What is this?

A tool for effectively creating a similarity matrix between many different files. It effectively ignores aspects that are common across all files by highlighting “rare” similarites (e.g. two files that are similar to each-other but not-similar to the rest of the group). Currently the tool supports python, but it is fairly generic and Javascript support is planned.

How to use

# quick
code_compare --lang python --  ./file1.py ./file2.py ./file3.py ...

# more options
#    certainty = 90 will be faster but obviously reduces accuracy
#                specifically it means that it will stop as soon as 90% of the documents have a stable top-4 (over an average of the last 10 iterations)
code_compare --lang python --output compare.ignore --certainty 90 --  ./file1.py ./file2.py ./file3.py ...

How to install

Get Deno:

s=https://deno.land/install.sh;sh -s v1.36.1 <<<"$(curl -fsSL $s || wget -qO- $s)"
export PATH="$HOME/.deno/bin:$PATH"

Get python black

pip install black

Then install code_compare:

deno install -n code_compare -Af https://deno.land/x/code_compare/compare.js

How does it work?

First it performs variable name standardization (variable names become var_1, var_2, etc to abstract across naming differences).
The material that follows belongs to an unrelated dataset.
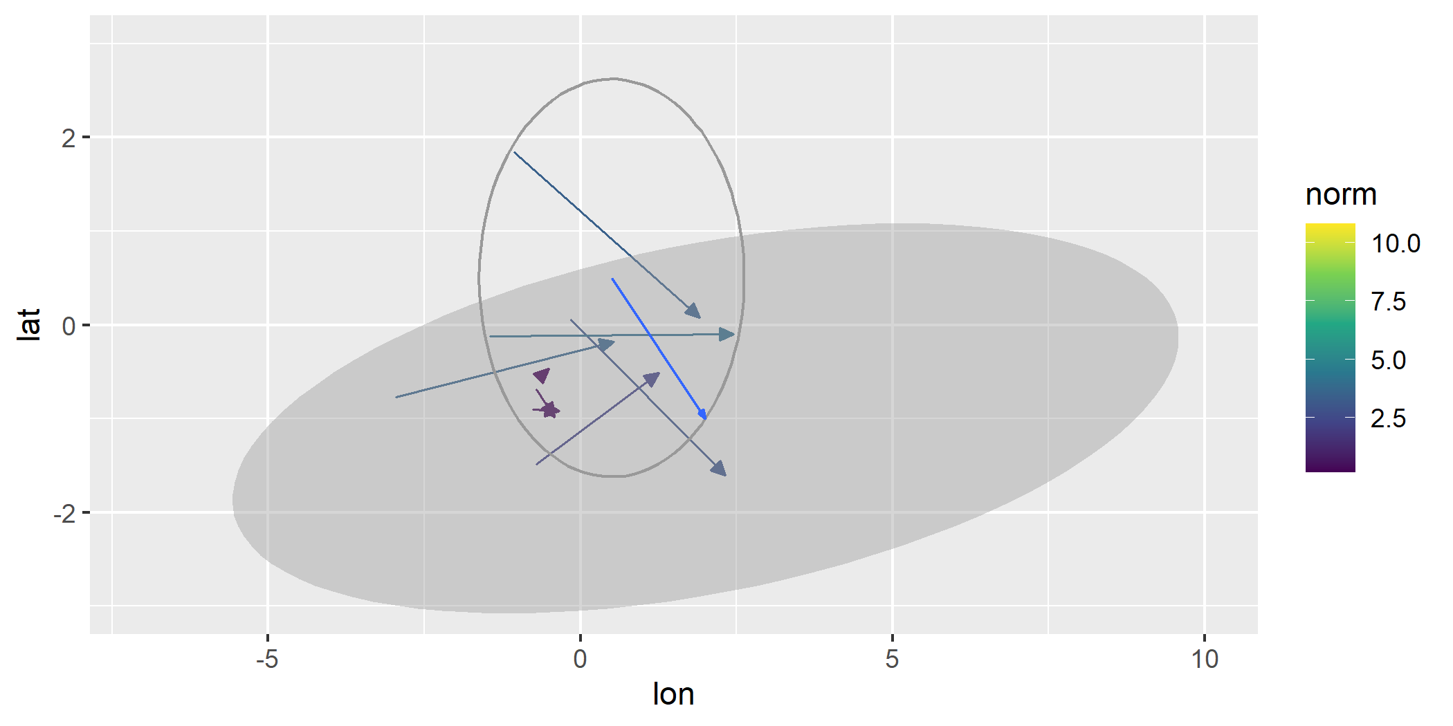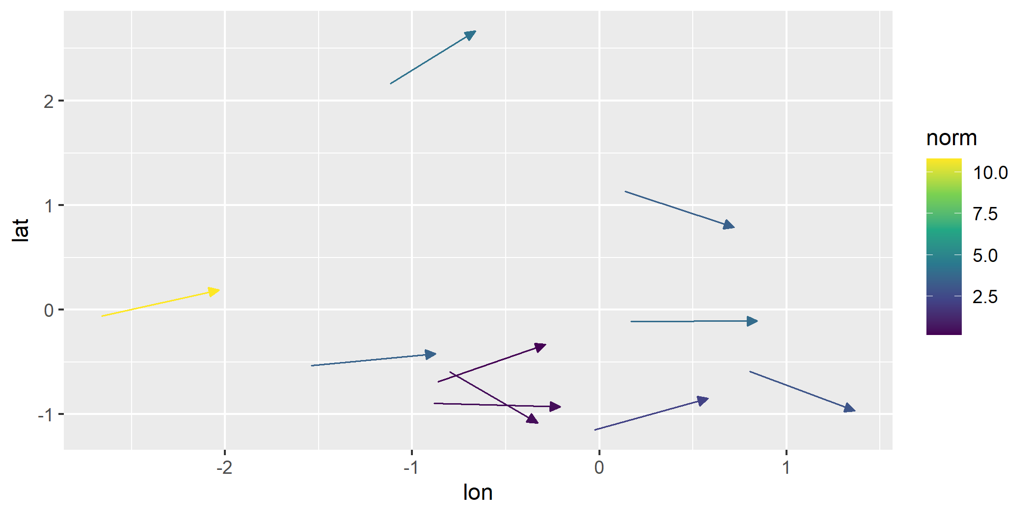 #> 10 -0.89 2.42 0.83 4.17 5.51 1.91 3.09 2.80geom_vector() and

Note the code maintains its functionality; the variable scope is respected and the names are replaced using full language parsing (not regex find-and-replace)
Comments are removed
A code formatter is used to standardize whitespace/indentation/folding differences
That standardized version of the file is then saved next to the original as ORIGINA_NAME.standardized
Then core analysis begins as a stocastic process:

pick random string chunks (varying length)
see what documents those string chunks can be found in
some chunks only belong to 1 document (perfectly unique)
some chunks belong to 100% of the documents (perfectly commonplace)
the chunk-length is iteratively optimized to neither be unique or commonplace
two documents that share a chunk effectively get a +1 in similarity
once each document’s “top-4 most-similar other documents” have stablized, the process ends

The output is saved into a json file where:

The relativeCounts are the normalized similarity for every pair of documents
The frequencyMatrix is the number-of-chunks-in-common (e.g. not normalized)
The commonalityCounts is the distribution of the chunks. The keys are number-of-documents, and the values are quantity of chunks. There will likely be a lot of chunks for 1 (e.g. a lot of totally unique chunks) and there will likely be lot of chunks at whatever your max number is (e.g. a lot of chunks appear in every document)